Streamline Python Model Deployment and Integration with IBM Db2

Posted By: Shaikh Quader Technical Content,

 

A cartoon of a truck with a container on a ropeDescription automatically generated

 


Are you looking for a simple solution to deploy your Python machine learning model and integrate it with other applications? IBM Db2 can help you with that. You can easily deploy your trained Python model on a secure Db2 server using a Python user-defined function. This allows you to generate predictions effortlessly with SQL queries. By deploying Python models on Db2, you can avoid moving extensive data, reduce security risks, and simplify application development. You can make predictions directly inside Db2 using simple SQL queries. In this tutorial, I will guide you through the process of building a Python model using data from a Db2 database and deploying it on the Db2 server. Finally, I will show how to write SQL queries to generate predictions from this model using Db2 data. You can adapt this tutorial to your own AI use cases.

(The code for this tutorial is available from this GitHub link. )

 

The Problem and Db2's Solution

To build furniture, raw wood cut from a tree is not enough. You need machinery to cut the wood into fine pieces with specific measurements. Similarly, raw data stored in a relational database management system is not very useful on its own. You need to process it with machinery to convert it into insights. Python is a powerful tool for transforming raw data into refined features and building intelligent AI models. Typically, data from a relational store is duplicated onto Python platforms for processing and model creation. However, this transfer of data between systems during training and inference can create complexities and raise concerns about cost, latency, security, and data processing logic. IBM Db2 offers a simpler solution for developing and deploying Python models with data stored in a Db2 database. It provides tools for easy data retrieval from Db2 to Python. After training a Python model, users can conveniently deploy it on the database using a Python user-defined function.

The Tutorial

In this tutorial, I will develop a classification model with scikit-learn using data from a Db2 database.

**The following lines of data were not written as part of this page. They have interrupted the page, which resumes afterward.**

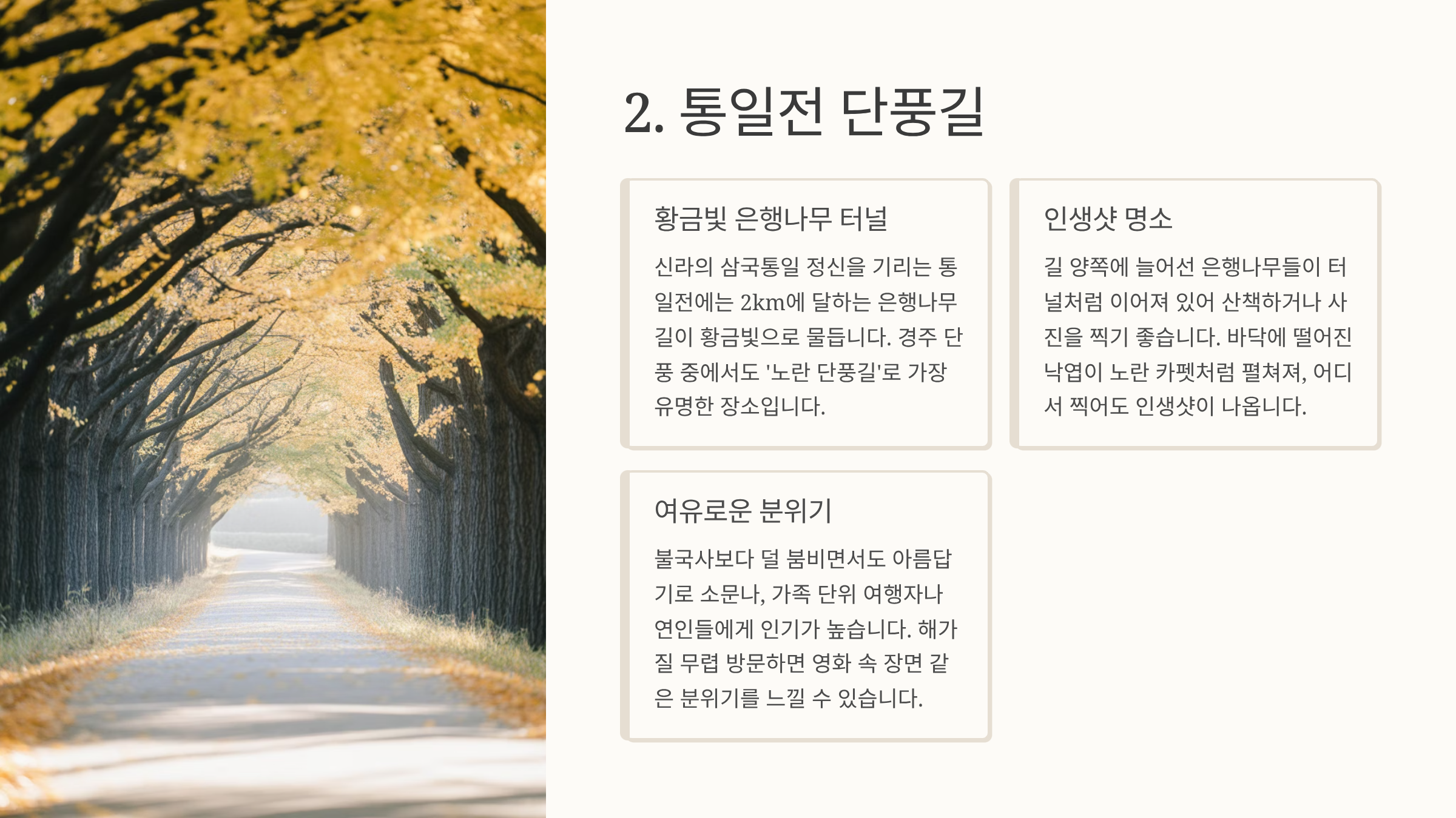 특히 경주는 한 도시 안에 사찰, 숲길, 유적지, 호수, 그리고 감성 거리인 황리단길까지 함께 있어 당일치기 여행이나 1박 2일 여행으로도 완벽합니다. 단풍과 유적, 그리고 맛있는 음식이 함께 있는 도시, 바로 지금 떠나야 하는 이유가 여기에 있습니다.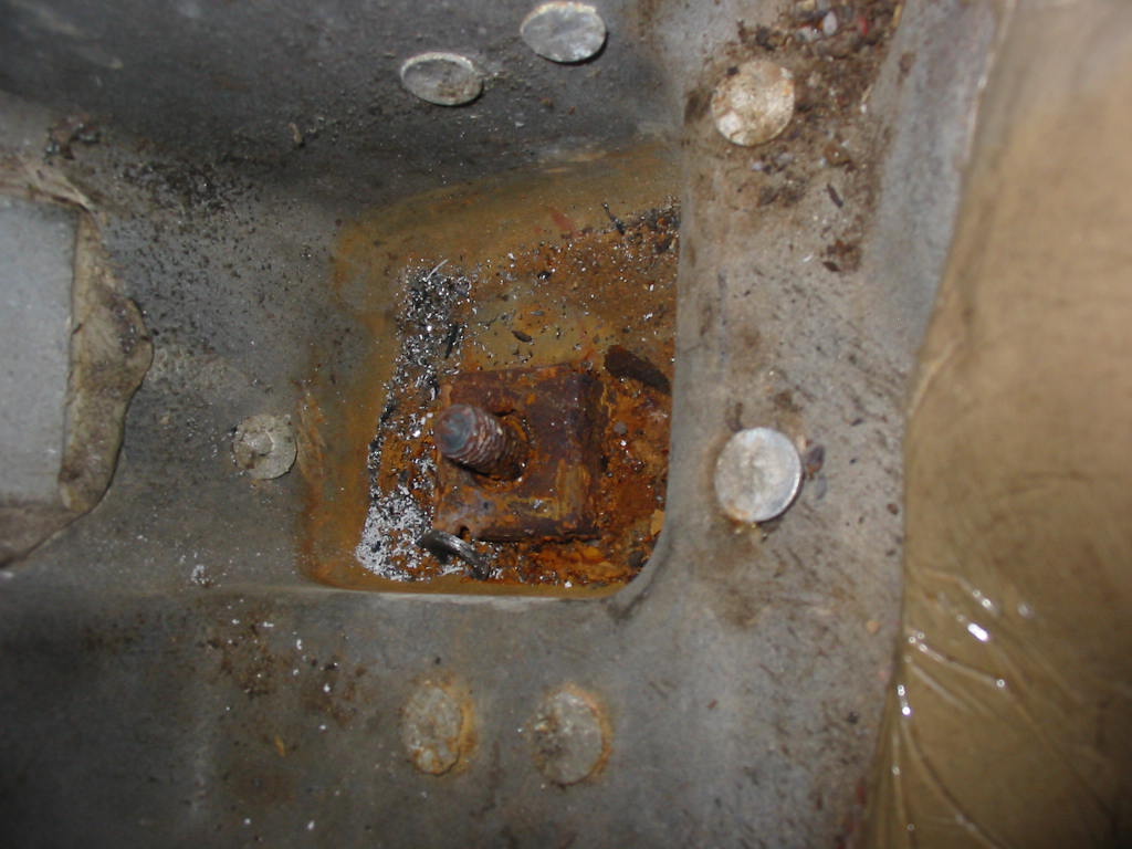 The body mount bolts on both sides are a bit rusty, but still quite solid. I’ll give them a good coat of heavy rust check once the sound deadening material is in place.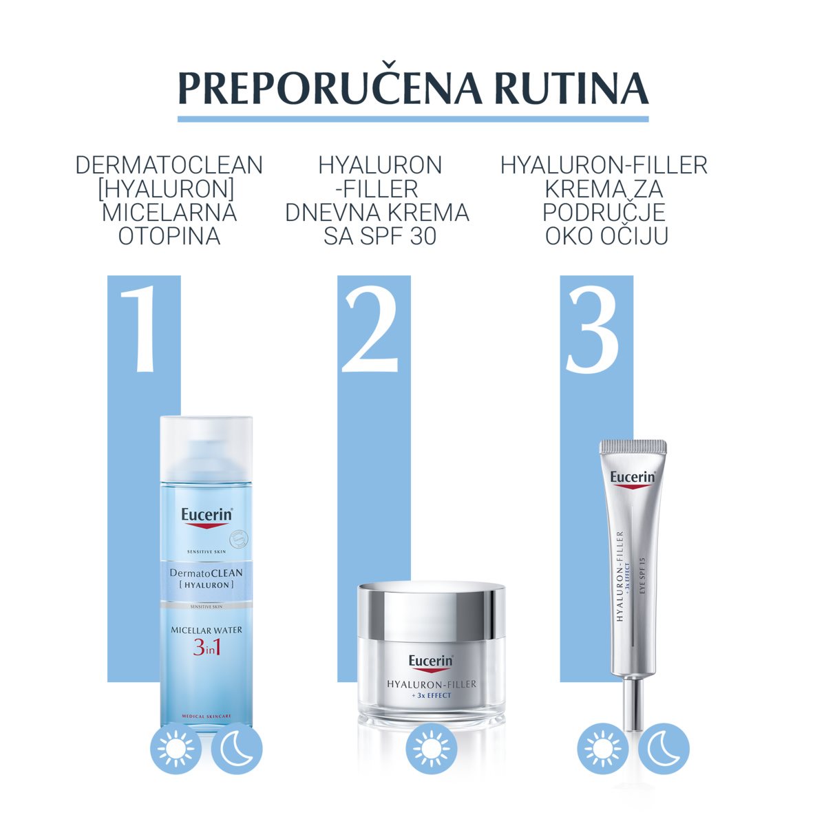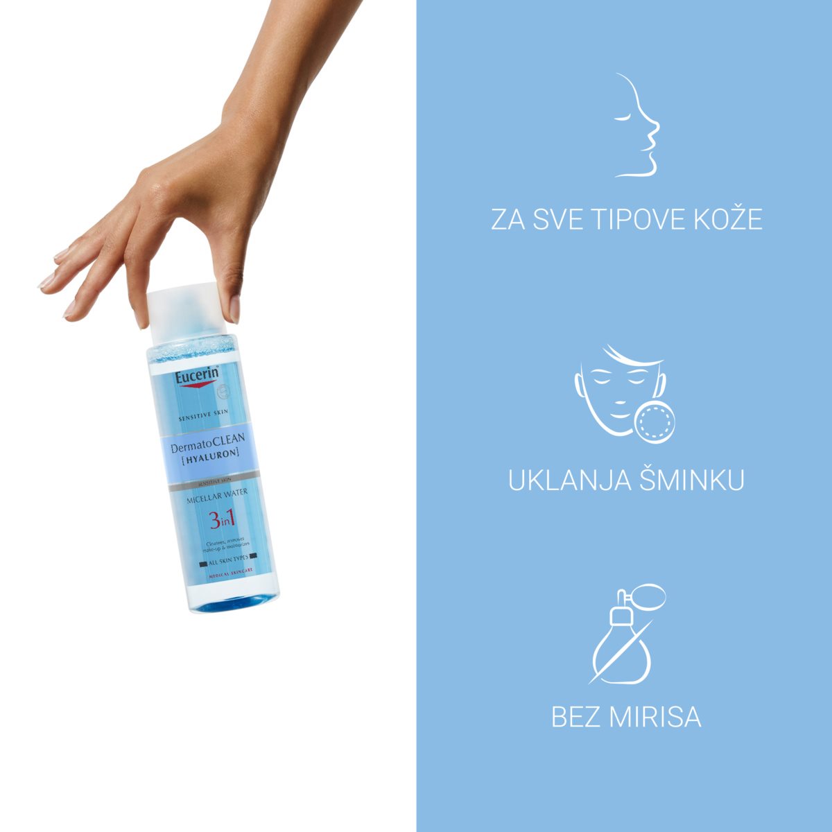 Eucerin DermatoCLEAN [HYALURON] micelarna otopina brzo je i praktično rješenje koje u jednom preparatu pruža tri pogodnosti: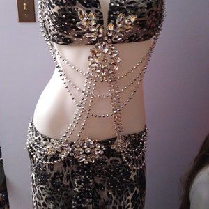 Rhinestone accents on the bra and in the skirt
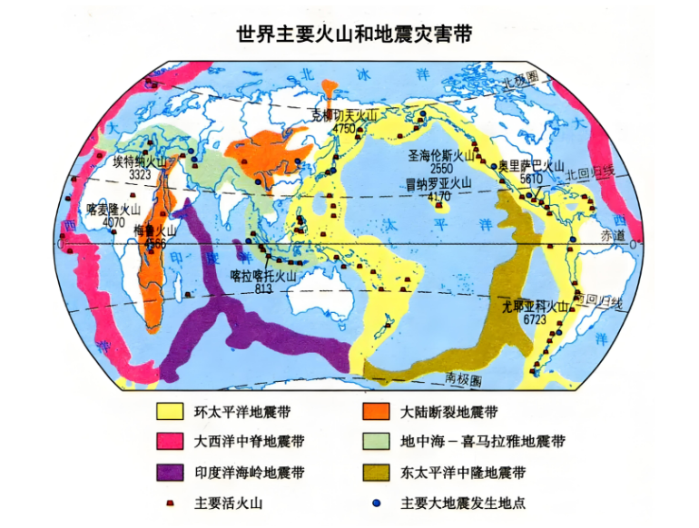 地震带是地震集中分布的地带,在地震带内地震密集,在地震带外,地震分布零散。世界上主要有三处地震带—环太平洋火山地震带、欧亚地震带、大洋海岭地震带。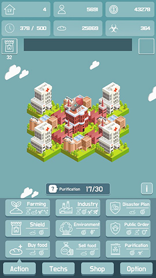 游戏操作看了教程后应该都会玩,这里要说的是防护膜,对抗灾难时将防护膜使用加到最大,比如灾难是需要7防护膜,你只用了1个,那和就会受灾6天;如果用了7个就会免疫。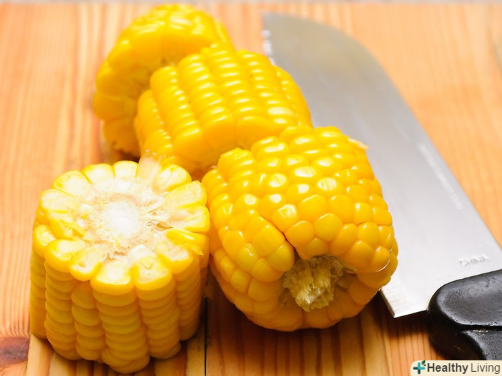 Розріжте кожен качан на чотири частини.зніміть все листя з кукурудзи і позбудьтеся від рилець. Ножем розріжте кожен качан на чотири рівні частини.- Можна розламати качани руками, якщо Кукурудза досить тонка. Але так буде складно отримати однакові за розміром шматочки.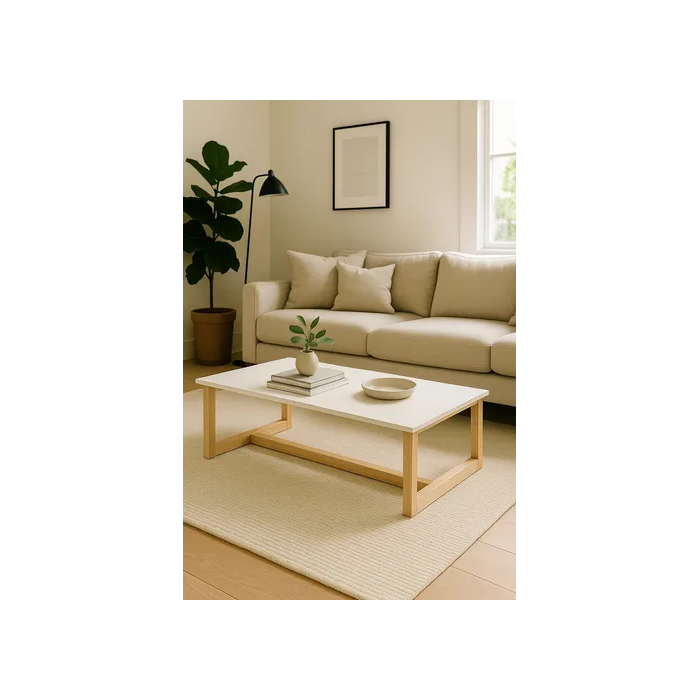 Mesa de centro retangular com design moderno e minimalista, ideal para compor salas de estar com elegância e funcionalidade. Possui tampo branco em MDP com 90 cm de comprimento, 60 cm de largura e 12 mm de espessura, oferecendo um visual clean e fácil de combinar. A base em madeira pinus natural mede 84 cm de comprimento, 48 cm de largura e 30 cm de altura, garantindo resistência e charme ao ambiente. Uma peça versátil que une beleza e praticidade para o seu espaço.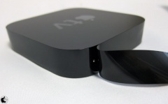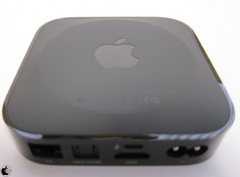 Apple TV (2nd generation)の側面には、光沢処理されたプラスチック面を保護するために、黒いフィルムが撒かれています。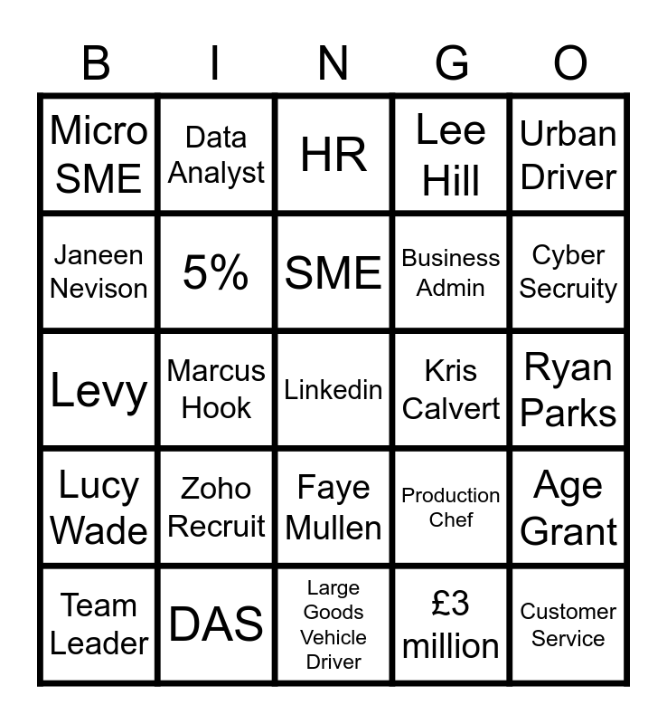 This bingo card has 40 words: Tony Marshall, Levy, Indeed, 5%, DAS, Faye Mullen, SME, Interview, Urban Driver, Lucy Wade, Marcus Hook, Lee Hill, Linkedin, Ryan Parks, Kris Calvert, Zoho Recruit, Chris Grieveson, Micro SME, Recruitment, HR, Age Grant, £3 million, Business Admin, Janeen Nevison, Housing and Property Management, Warehousing, Commis Chef, Data Tech, Customer Service, Content Creator, Business Analyst, Team Leader, Operations, Production Chef, Cyber Secruity, Large Goods Vehicle Driver, Software Developer, Digital Support Technician, Data Analyst and Digital Marketing.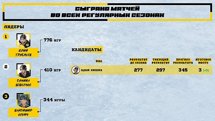 Среди главных ветеранов команды изменений нет. Здесь только Адам Лишка может войти в историю и обогнать Владимира Кочина, но для этого нужно не пропускать матчи весь сезон. Лишка начал с 11 места и за 20 игр обогнал Игоря Никулина и Сергея Бердникова. Следующий – Игорь Петров (до него 6 игр). Если смотреть только на игры КХЛ, то тут Адам остается на 6 месте.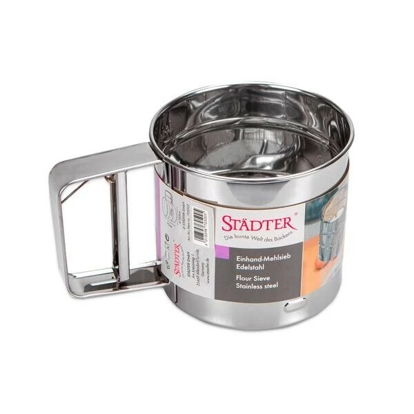 Mit dem Einhand-Mehlsieb von Städter dosieren Sie Mehl punktgenau und fein zerstäubt locker aus dem Handgelenk heraus. Der praktische Küchenhelfer lässt sich mit nur einer Hand bedienen, damit Sie die andere Hand zum Halten von Schüsseln frei haben.

The dataset I will use contains historical flight information in the US. Each row in the training dataset provides details about a flight, including the destination airport, origin airport, flight time, delay time, and whether the flight arrived on time or was delayed. Using this flight information, I will train a classification model to predict whether a flight will arrive on time or be delayed. This is a binary classification task, as the model will classify each flight as either on time or delayed, producing a binary outcome.

I will load the training dataset from a Db2 database table into a Python Jupyter notebook. After exploring the dataset, I will preprocess the data to transform raw input features into a final feature set. Next, I will create a machine learning pipeline using scikit-learn with a logistic regression algorithm. I will train this pipeline using the training dataset and evaluate the model’s quality. Finally, I will deploy the trained model on Db2 using a Python User-Defined Function and generate predictions from the deployed model via SQL. 

All these steps are contained within a single notebook. You will see the end-to-end workflow of data loading, data transformation, model training, model evaluation, and model inferencing and deployment within the single notebook.

 

Db2 Setup

In order to use the Python UDF feature at Db2, you'll need to complete the following 3 steps:

  1. Install Python 3.x on the Db2 system (Linux platform only). For the installation steps for Python on a Linux system, the following document might be helpful. 

Building and Installing Python 3.12.3 on Red Hat Enterprise Linux 9.2

  1. After installing Python, install the Python packages, with compatible versions, that your Python model pipeline will use. 
  2. Set PYTHON_PATH in Db2 to the directory of the Python executable. e.g.,

db2 update dbm cfg using python_path /usr/bin/python3


Ensure that Db2 fenced user ID has execution permission to the Python executable. 

  1. You'll find here the instructions and data for setting up the Db2 tables for this tutorial. In the database, flights_train and flights_test tables have the training and test datasets, respectively, for the ML model I will create.

Python Dev Environment

I have developed this tutorial project using Visual Studio Code IDE. In order to simplify deployment of the UDF assets on Db2, I used remote explorer option of Visual Studio Code. Remote explorer option allowed me to make a remote connection to my home directory, for my userid on the Db2 server, and create a Python project on the same system as Db2's. In case you're not familiar with remote development using Visual Studio, you can check out this page: Remote Development using SSH

Also, in the code repository for this tutorial, I have shared the steps for creating and setting up the Python project for this tutorial. Here is the link to these steps. 


Project Directory 

Let's look at the project's main components from here

  • db2con.env contains Db2 connection information. I will use this file to connect to my Db2 database. Update this file with connection information for your Db2 database.
  • pythonudf-demo.ipynb notebook has the complete pipeline for building the model, deploying it on Db2, and generating predictions from the deployed model.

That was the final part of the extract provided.